Computation of structured stability radii for Dissipative-Hamiltonian systems

TL;DR

This paper develops explicit formulas for computing the structured stability radii of Dissipative Hamiltonian systems, demonstrating their robustness under structure-preserving perturbations through theoretical reformulations and numerical experiments.

Contribution

It introduces explicit formulas for stability radii of DH systems and reformulates the problem using Rayleigh quotients, enhancing understanding of their robustness.

Findings

Structured stability radii can be explicitly computed for DH systems.

DH systems exhibit greater robustness under structure-preserving perturbations.

Numerical experiments confirm the theoretical robustness advantages.

Abstract

We study linear time-invariant Dissipative Hamiltonian (DH) systems arising in energy-based modeling of dynamical systems.
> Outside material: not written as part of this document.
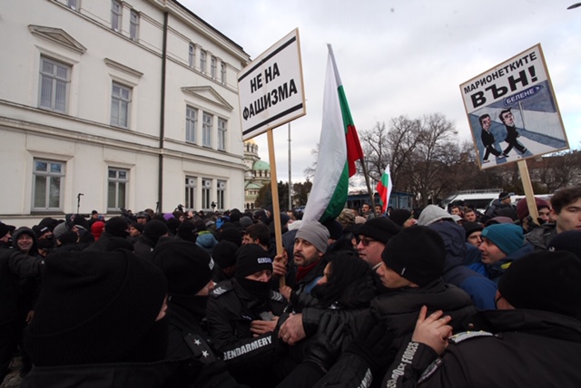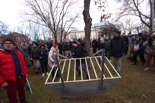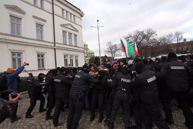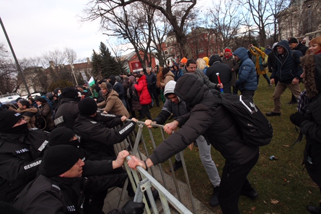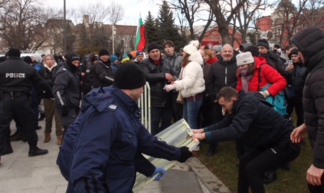 Протестиращите, симпатизанти на партия "Възраждане", дърпат металните заграждения и искат да минат през задния вход на Народното събрание.

An advantage of DH systems is that they are always stable due to the structure of their coefficient matrices, and, under further weak conditions, even asymptotically stable. In this paper, we discuss the computation of the stability radii for a given asymptotically stable DH system; i.e., the smallest structured perturbation that puts a DH system on the boundary of the region of asymptotic stability, so that it has purely imaginary eigenvalues. We obtain explicit computable formulas for various structured stability radii. For this, the problem of computing stability radii is reformulated in terms of minimizing the Rayleigh quotient of a Hermitian matrix or the sum of two generalized Rayleigh quotients of Hermitian semidefinite matrices. This reformulation results in the problem of minimizing the largest eigenvalue of an eigenvector-dependent Hermitian matrix or minimizing the smallest eigenvalue of a Hermitian matrix which depends on the eigenvector. It is also demonstrated (via numerical experiments) that, under structure-preserving perturbations, the asymptotic stability of a DH system is much more robust than under general perturbations, since the distance to instability is typically much larger when structure-preserving perturbations are considered. Finally, similar results are obtained for optimally robust representations of stable systems.